● TASK DETAILS:
With the pictures omitted, print exactly the lines below, from the one containing "Hast du eigene" through the one containing "Parti Quebecois leader", and nothing else.

● MATERIAL TO PROCESS:
************

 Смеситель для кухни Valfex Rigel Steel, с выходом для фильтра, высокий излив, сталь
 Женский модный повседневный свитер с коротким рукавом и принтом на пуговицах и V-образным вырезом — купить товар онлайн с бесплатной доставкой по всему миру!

************

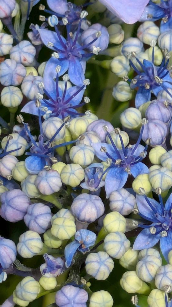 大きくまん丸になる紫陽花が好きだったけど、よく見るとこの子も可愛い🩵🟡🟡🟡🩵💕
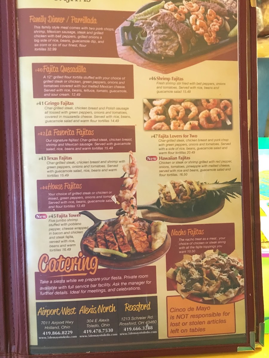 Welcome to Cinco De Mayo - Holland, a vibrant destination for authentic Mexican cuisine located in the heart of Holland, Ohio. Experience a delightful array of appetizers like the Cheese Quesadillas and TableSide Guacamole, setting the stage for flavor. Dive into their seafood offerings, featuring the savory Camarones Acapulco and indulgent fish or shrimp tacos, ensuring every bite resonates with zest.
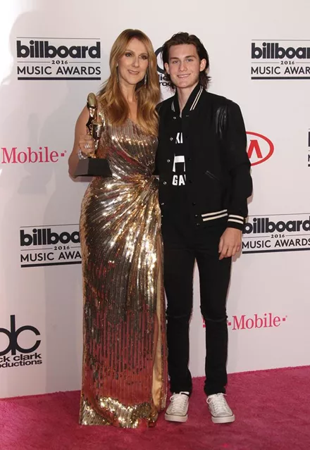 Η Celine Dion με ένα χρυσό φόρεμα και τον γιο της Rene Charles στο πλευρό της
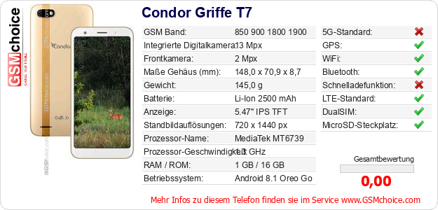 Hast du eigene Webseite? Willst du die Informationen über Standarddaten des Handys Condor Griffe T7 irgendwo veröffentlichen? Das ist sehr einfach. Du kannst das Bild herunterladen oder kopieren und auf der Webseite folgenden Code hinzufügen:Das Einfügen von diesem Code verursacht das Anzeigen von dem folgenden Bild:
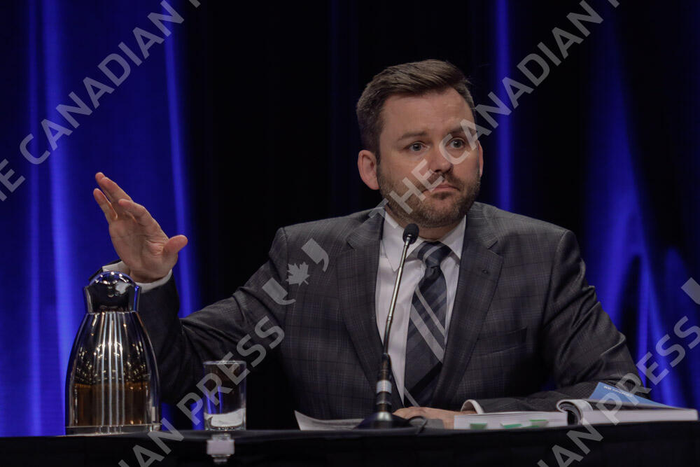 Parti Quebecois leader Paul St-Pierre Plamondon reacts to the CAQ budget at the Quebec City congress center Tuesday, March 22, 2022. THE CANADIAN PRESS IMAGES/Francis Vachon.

************

● EXERCISE SOLUTION:
 Hast du eigene Webseite? Willst du die Informationen über Standarddaten des Handys Condor Griffe T7 irgendwo veröffentlichen? Das ist sehr einfach. Du kannst das Bild herunterladen oder kopieren und auf der Webseite folgenden Code hinzufügen:Das Einfügen von diesem Code verursacht das Anzeigen von dem folgenden Bild:
 Parti Quebecois leader Paul St-Pierre Plamondon reacts to the CAQ budget at the Quebec City congress center Tuesday, March 22, 2022. THE CANADIAN PRESS IMAGES/Francis Vachon.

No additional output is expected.